If instead we have two linearly independent vectors \(\vvec_1\) and \(\vvec_2\text{,}\) the subspace \(S=\laspan{\vvec_1,\vvec_2}\) is a plane passing through the origin.
Consider the three vectors \(\evec_1\text{,}\) \(\evec_2\text{,}\) and \(\evec_3\text{.}\) Since we know that every 3-dimensional vector can be written as a linear combination, we have \(S = \laspan{\evec_1, \evec_2, \evec_3} = \real^3\text{.}\)
One more subspace worth mentioning is \(S=\laspan{\zerovec}\text{.}\) Since any linear combination of the zero vector is itself the zero vector, this subspace consists of a single vector, \(\zerovec\text{.}\)
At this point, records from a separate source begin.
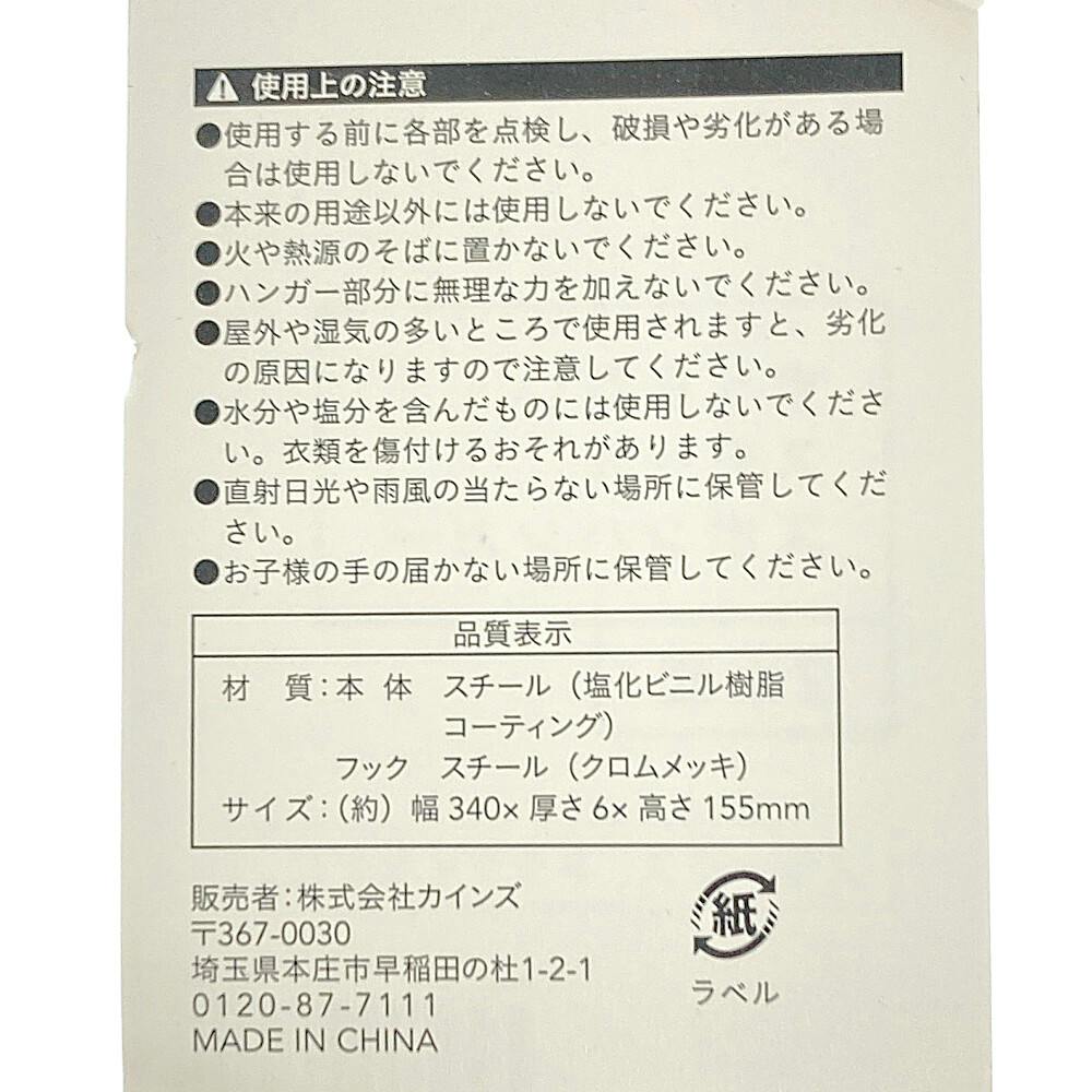 ●フック:スチール(クロムメッキ) ●本体:スチール(塩化ビニル樹脂コーティング)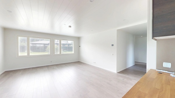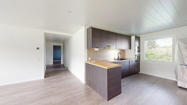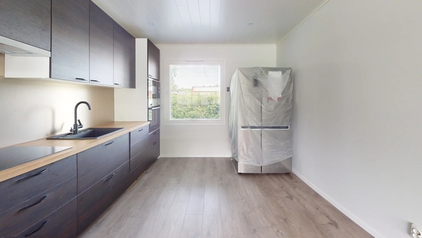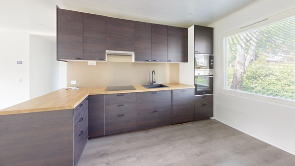 Keittiö ja olohuone ovat yhtenäistä tilaa.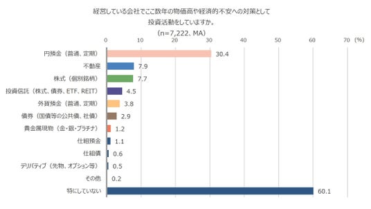 一方で経営する会社では「円預金(普通、定期)」が30.4%、「不動産」が7.9%、「株式(個別銘柄)」が7.7%となり、「特にしていない」は60.1%という結果でした。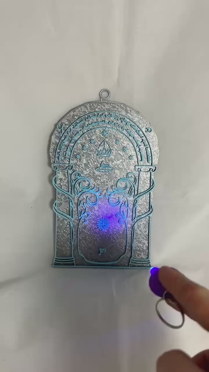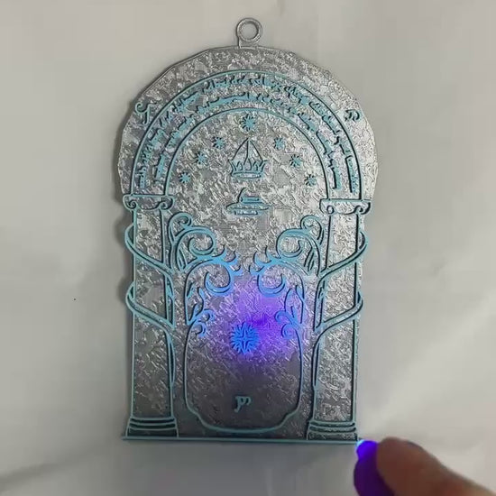 3D Lord of the Rings Inspired Moria Gate Blue Glow 8" Wall Sign LOTR + UV Light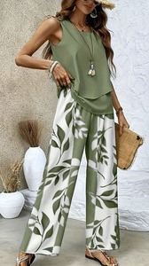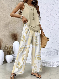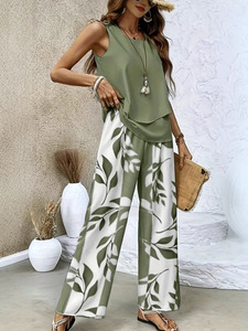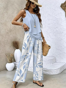 2025年ヨーロッパとアメリカのクロスボーダーレディースノースリーブトップスとパンツプリントスーツ多用途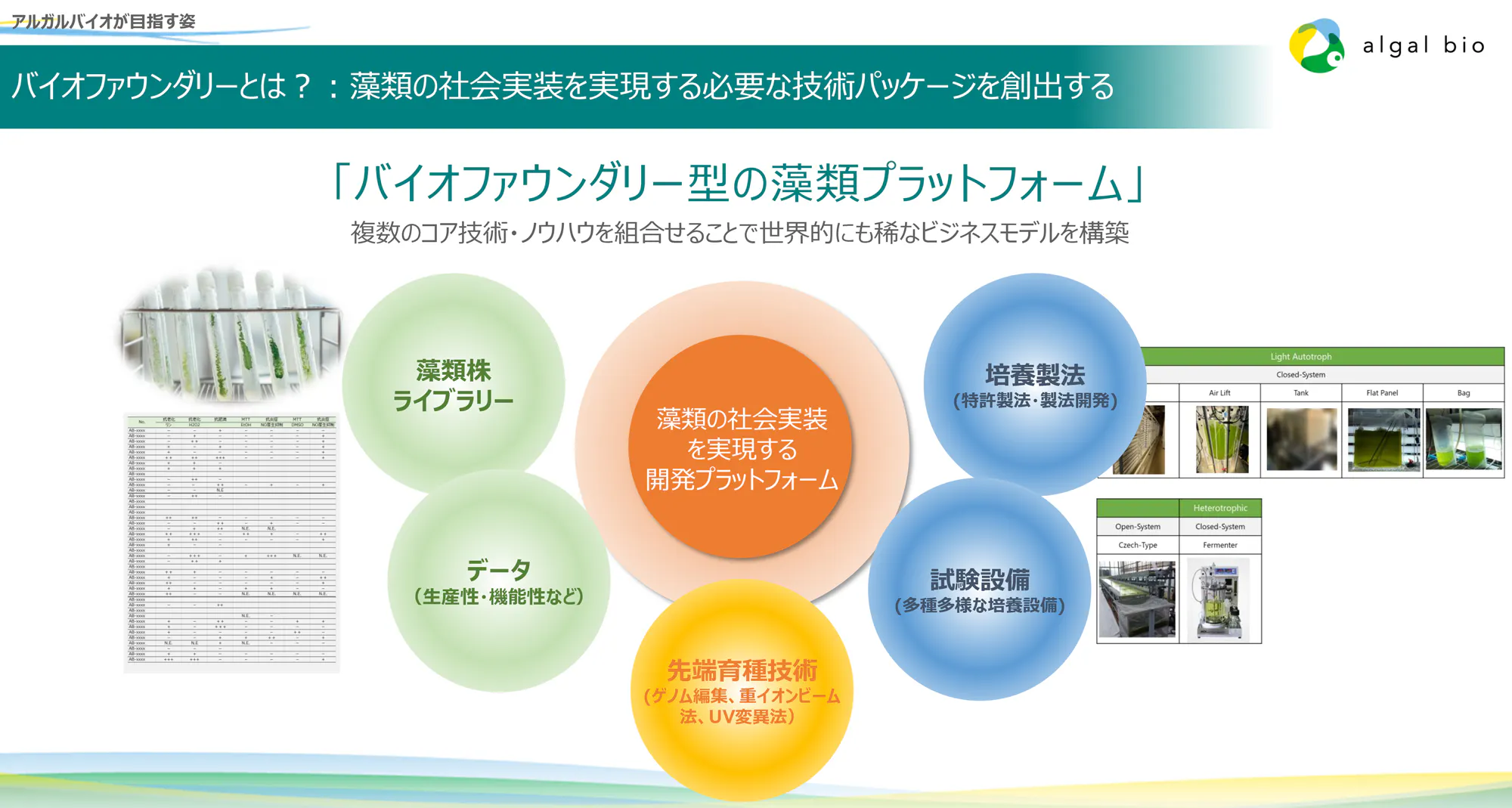 同社は、健康・食糧・環境といった産業領域の事業会社向けに、最適な技術を提供するバイオファウンダリー(※)型の藻類開発プラットフォームを構築している。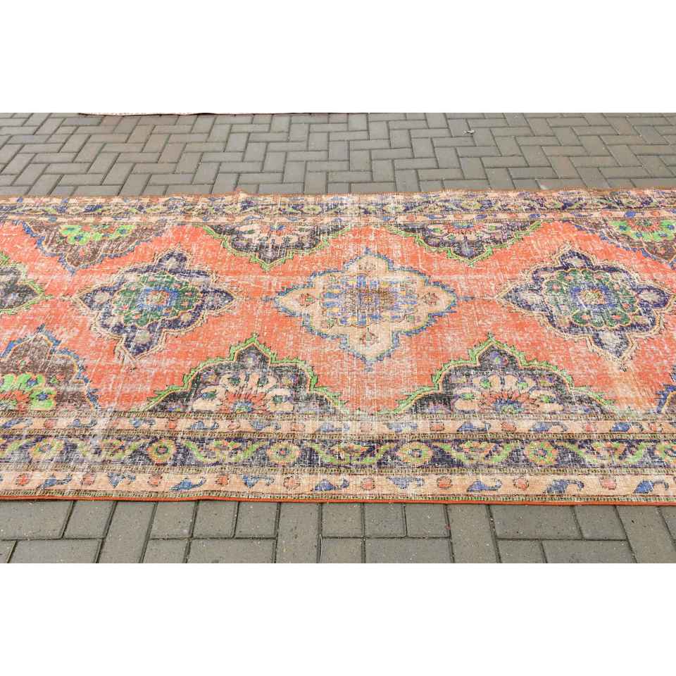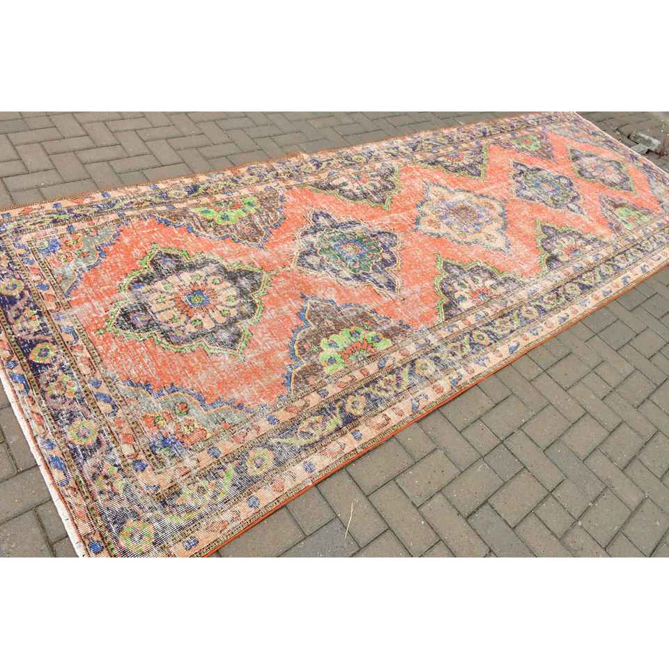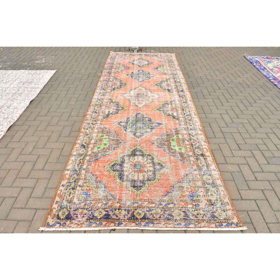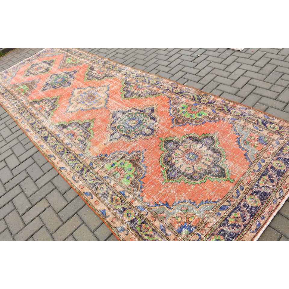 4.7x13.2 ft Turkish Rug, Vintage Rug, Red Floral Wool Rug

In fact, any subspace of \(\real^3\) is one of these types: the origin, a line, a plane, or all of \(\real^3\text{.}\)

Activity 4.6.2.

We will look at some sets of vectors and the subspaces they form.

If \(\vvec_1, \vvec_2,\ldots,\vvec_n\) is a set of vectors in \(\real^m\text{,}\) explain why \(\zerovec\) can be expressed as a linear combination of these vectors. Use this fact to explain why the zero vector \(\zerovec\) belongs to any subspace in \(\real^m\text{.}\)
Explain why the line on the left of Figure 4.6.3 is not a subspace of \(\real^2\) and why the line on the right is.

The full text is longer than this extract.